## EXERCISE GOAL
Repeat every entry exactly. Pictures stay out.

## Data items
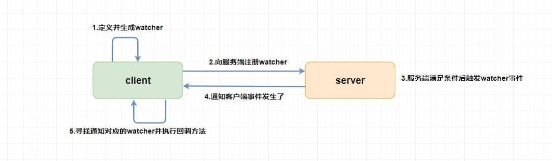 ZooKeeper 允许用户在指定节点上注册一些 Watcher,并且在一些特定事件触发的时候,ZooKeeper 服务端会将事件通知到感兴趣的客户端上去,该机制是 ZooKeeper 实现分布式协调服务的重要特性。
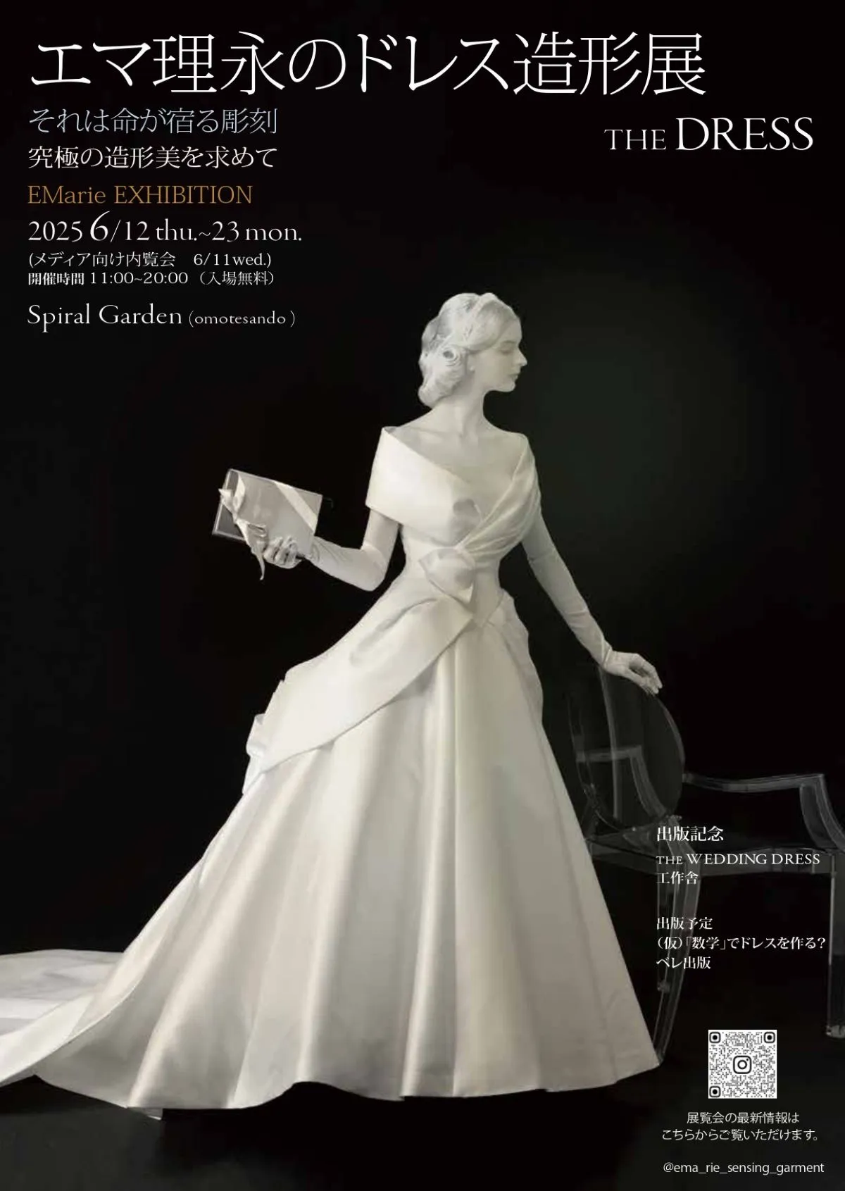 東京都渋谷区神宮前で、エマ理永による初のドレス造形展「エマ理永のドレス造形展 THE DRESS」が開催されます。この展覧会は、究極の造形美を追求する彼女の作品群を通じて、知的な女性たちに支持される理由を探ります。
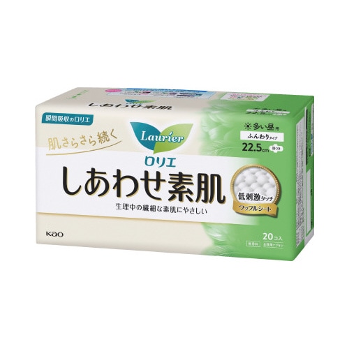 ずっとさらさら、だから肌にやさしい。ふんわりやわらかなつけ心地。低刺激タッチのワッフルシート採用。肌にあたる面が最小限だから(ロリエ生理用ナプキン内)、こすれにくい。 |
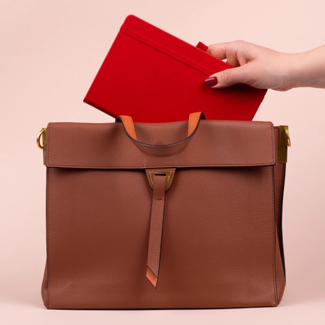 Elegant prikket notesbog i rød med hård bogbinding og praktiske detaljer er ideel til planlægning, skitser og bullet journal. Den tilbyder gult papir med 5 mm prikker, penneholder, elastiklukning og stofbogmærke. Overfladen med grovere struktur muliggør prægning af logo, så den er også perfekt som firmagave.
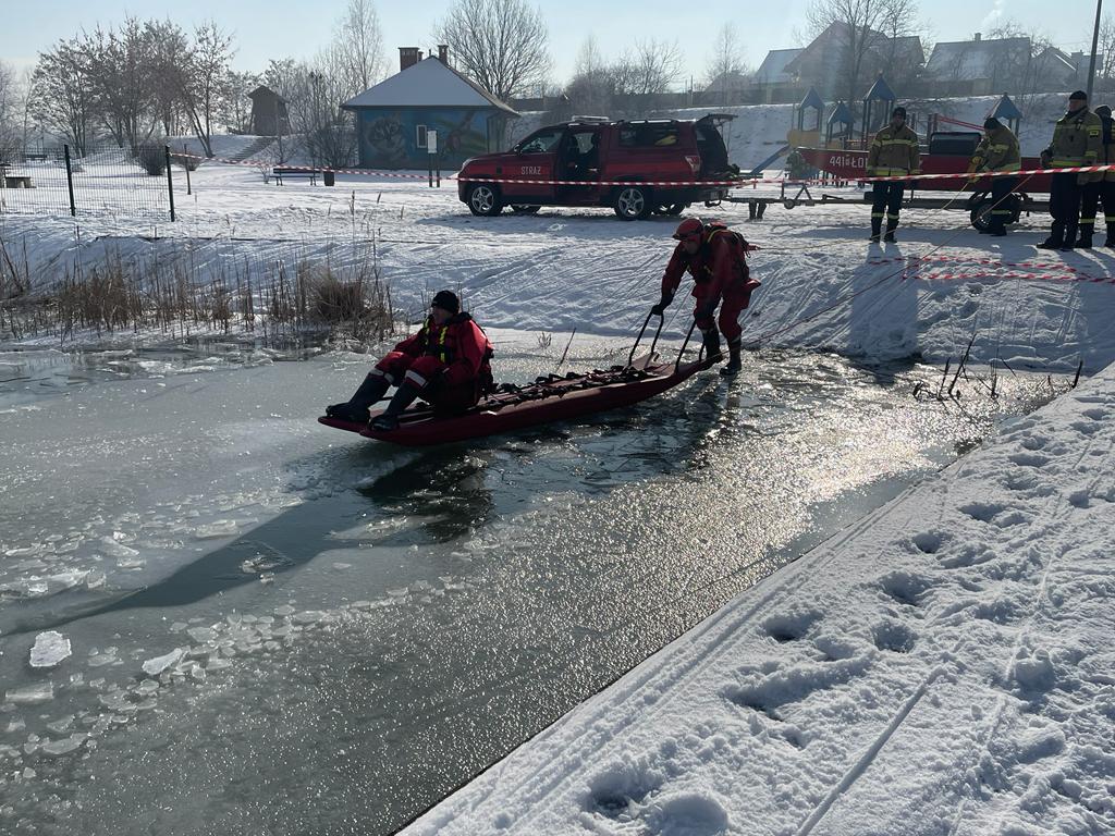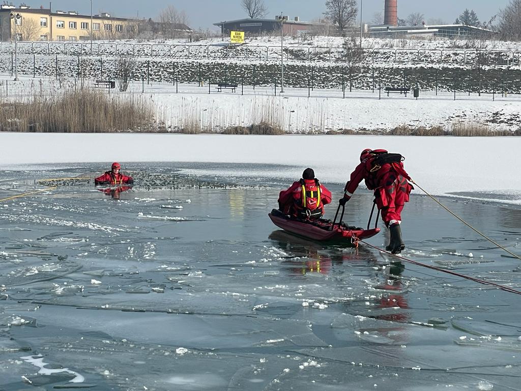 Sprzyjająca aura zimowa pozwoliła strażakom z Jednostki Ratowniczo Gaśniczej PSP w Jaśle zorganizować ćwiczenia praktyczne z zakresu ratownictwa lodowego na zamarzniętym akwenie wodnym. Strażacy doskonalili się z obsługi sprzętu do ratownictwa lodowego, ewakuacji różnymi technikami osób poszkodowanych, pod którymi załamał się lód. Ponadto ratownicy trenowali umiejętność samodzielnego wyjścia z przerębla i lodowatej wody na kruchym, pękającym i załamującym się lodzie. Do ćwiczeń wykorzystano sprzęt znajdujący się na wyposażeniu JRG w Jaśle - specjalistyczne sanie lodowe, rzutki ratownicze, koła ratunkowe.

## ANSWER AREA
 ZooKeeper 允许用户在指定节点上注册一些 Watcher,并且在一些特定事件触发的时候,ZooKeeper 服务端会将事件通知到感兴趣的客户端上去,该机制是 ZooKeeper 实现分布式协调服务的重要特性。
 東京都渋谷区神宮前で、エマ理永による初のドレス造形展「エマ理永のドレス造形展 THE DRESS」が開催されます。この展覧会は、究極の造形美を追求する彼女の作品群を通じて、知的な女性たちに支持される理由を探ります。
 ずっとさらさら、だから肌にやさしい。ふんわりやわらかなつけ心地。低刺激タッチのワッフルシート採用。肌にあたる面が最小限だから(ロリエ生理用ナプキン内)、こすれにくい。 |
 Elegant prikket notesbog i rød med hård bogbinding og praktiske detaljer er ideel til planlægning, skitser og bullet journal. Den tilbyder gult papir med 5 mm prikker, penneholder, elastiklukning og stofbogmærke. Overfladen med grovere struktur muliggør prægning af logo, så den er også perfekt som firmagave.
 Sprzyjająca aura zimowa pozwoliła strażakom z Jednostki Ratowniczo Gaśniczej PSP w Jaśle zorganizować ćwiczenia praktyczne z zakresu ratownictwa lodowego na zamarzniętym akwenie wodnym. Strażacy doskonalili się z obsługi sprzętu do ratownictwa lodowego, ewakuacji różnymi technikami osób poszkodowanych, pod którymi załamał się lód. Ponadto ratownicy trenowali umiejętność samodzielnego wyjścia z przerębla i lodowatej wody na kruchym, pękającym i załamującym się lodzie. Do ćwiczeń wykorzystano sprzęt znajdujący się na wyposażeniu JRG w Jaśle - specjalistyczne sanie lodowe, rzutki ratownicze, koła ratunkowe.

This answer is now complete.